THE TASK
Only the pictures are to be dropped, and the rest of the data should be copied exactly.

SUPPLIED INFORMATION

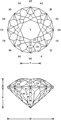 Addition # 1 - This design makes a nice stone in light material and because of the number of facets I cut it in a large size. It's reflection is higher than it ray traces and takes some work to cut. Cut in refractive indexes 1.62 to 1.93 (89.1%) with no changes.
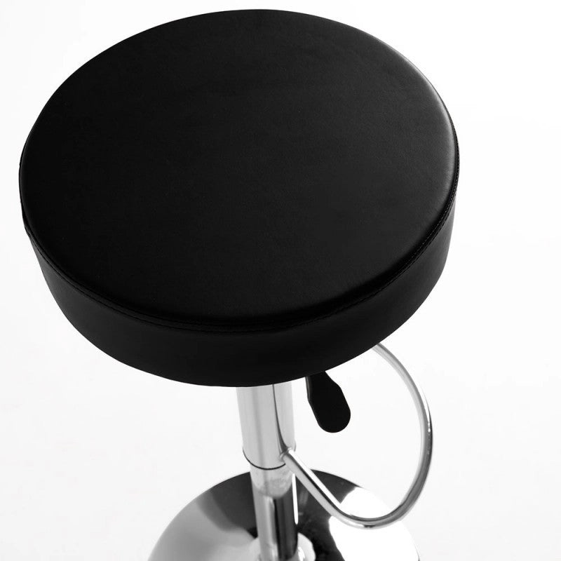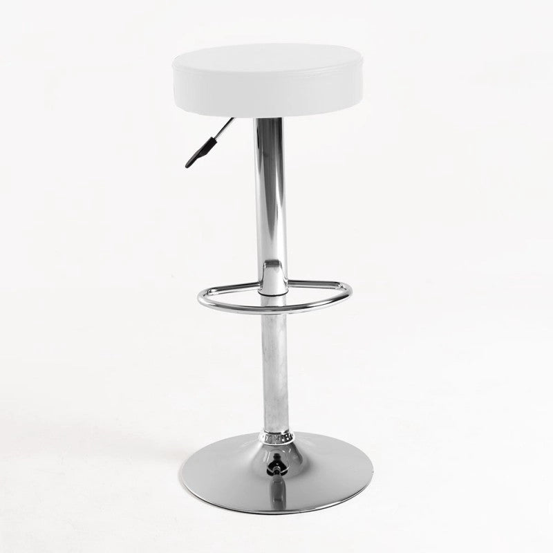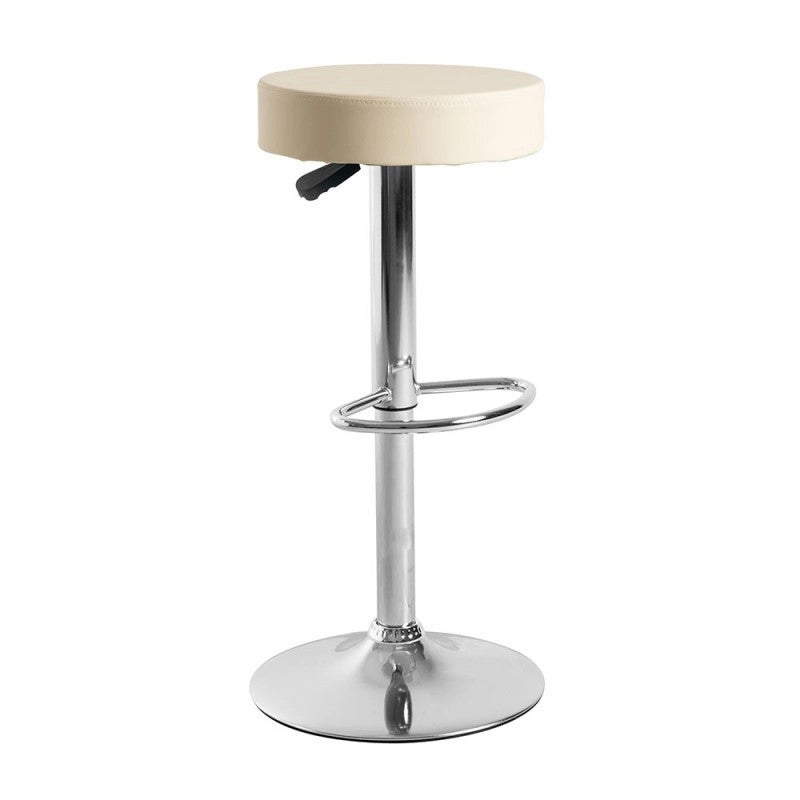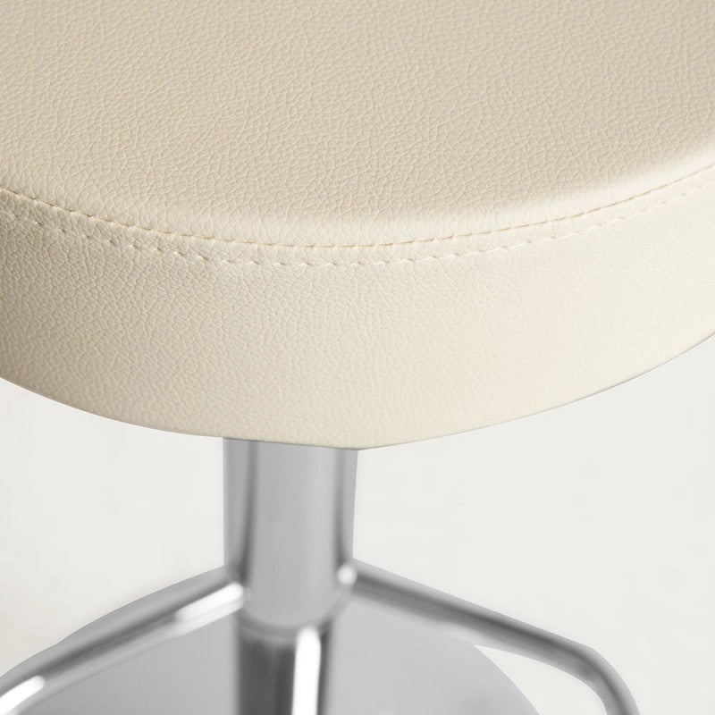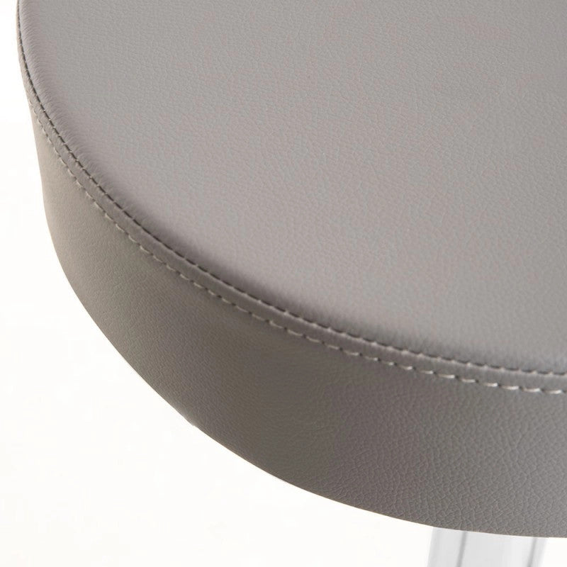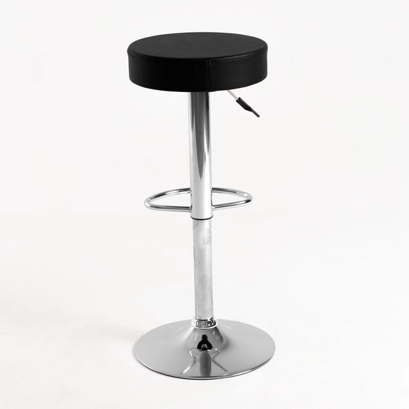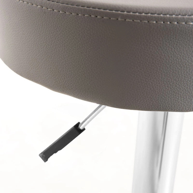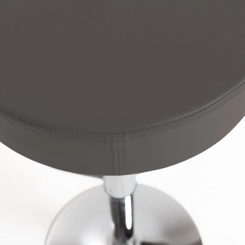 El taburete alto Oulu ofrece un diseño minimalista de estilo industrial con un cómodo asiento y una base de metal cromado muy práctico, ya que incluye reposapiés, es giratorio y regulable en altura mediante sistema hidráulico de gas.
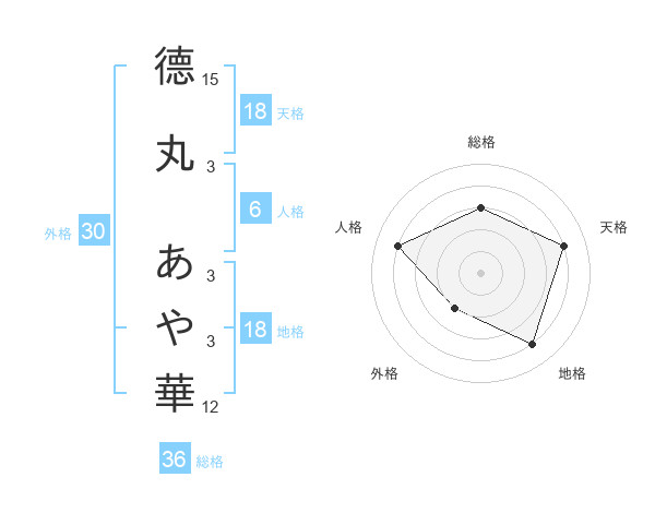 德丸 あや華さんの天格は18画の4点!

WRITTEN RESPONSE
 Addition # 1 - This design makes a nice stone in light material and because of the number of facets I cut it in a large size. It's reflection is higher than it ray traces and takes some work to cut. Cut in refractive indexes 1.62 to 1.93 (89.1%) with no changes.
 El taburete alto Oulu ofrece un diseño minimalista de estilo industrial con un cómodo asiento y una base de metal cromado muy práctico, ya que incluye reposapiés, es giratorio y regulable en altura mediante sistema hidráulico de gas.
 德丸 あや華さんの天格は18画の4点!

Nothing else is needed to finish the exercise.